Work to be completed >>
Write back every line of the listing exactly, excluding images.
:: Provided data
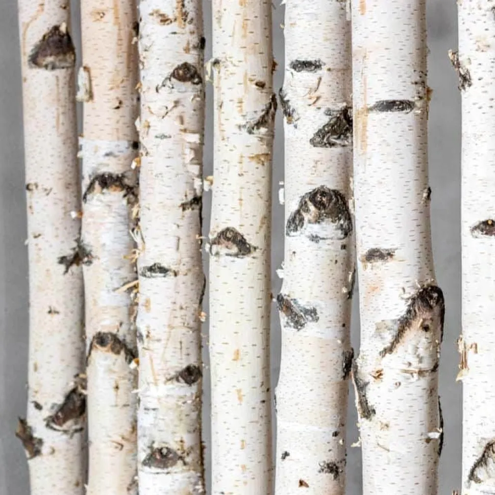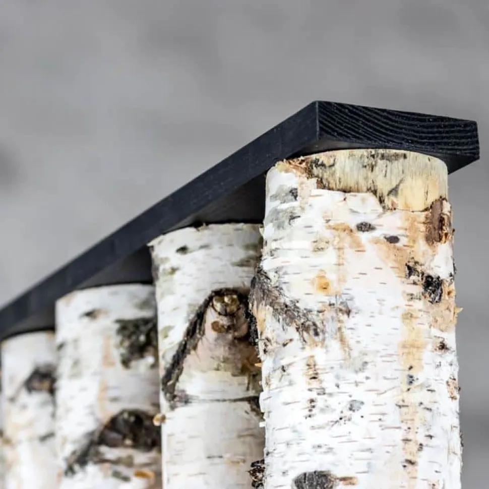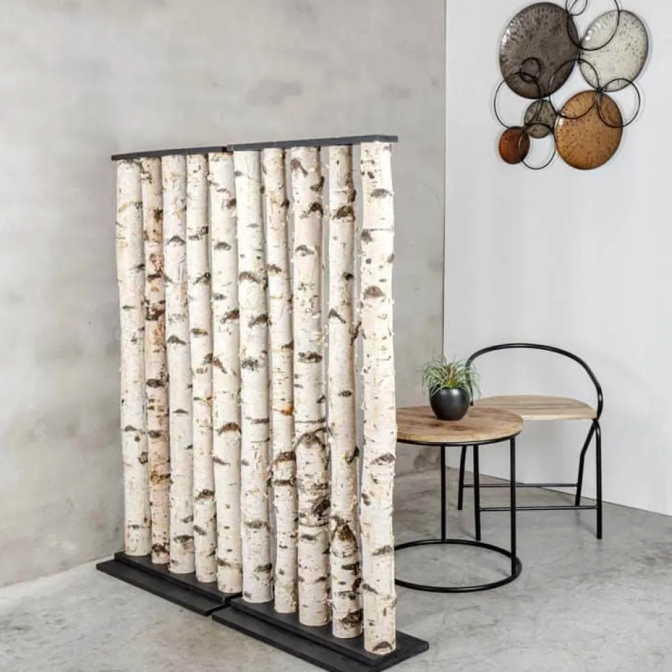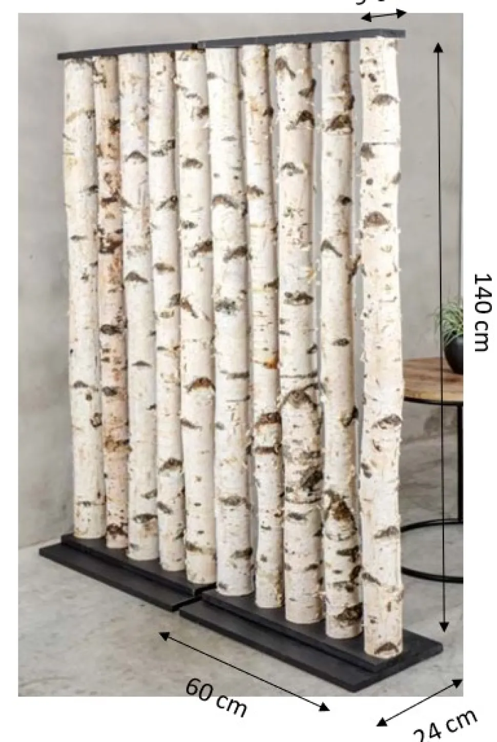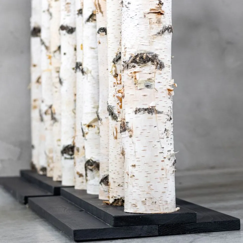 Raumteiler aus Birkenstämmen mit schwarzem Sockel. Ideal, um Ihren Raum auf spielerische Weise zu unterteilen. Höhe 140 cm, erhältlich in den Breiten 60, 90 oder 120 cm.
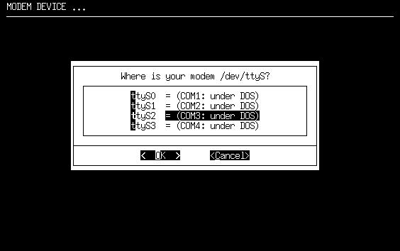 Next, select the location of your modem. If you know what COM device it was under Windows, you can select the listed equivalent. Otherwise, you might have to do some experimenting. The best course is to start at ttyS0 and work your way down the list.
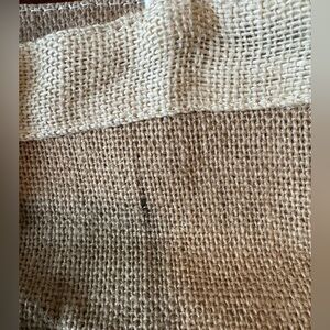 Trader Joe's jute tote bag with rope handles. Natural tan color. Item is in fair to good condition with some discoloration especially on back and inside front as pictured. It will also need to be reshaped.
::::
Answer >>
 Raumteiler aus Birkenstämmen mit schwarzem Sockel. Ideal, um Ihren Raum auf spielerische Weise zu unterteilen. Höhe 140 cm, erhältlich in den Breiten 60, 90 oder 120 cm.
 Next, select the location of your modem. If you know what COM device it was under Windows, you can select the listed equivalent. Otherwise, you might have to do some experimenting. The best course is to start at ttyS0 and work your way down the list.
 Trader Joe's jute tote bag with rope handles. Natural tan color. Item is in fair to good condition with some discoloration especially on back and inside front as pictured. It will also need to be reshaped.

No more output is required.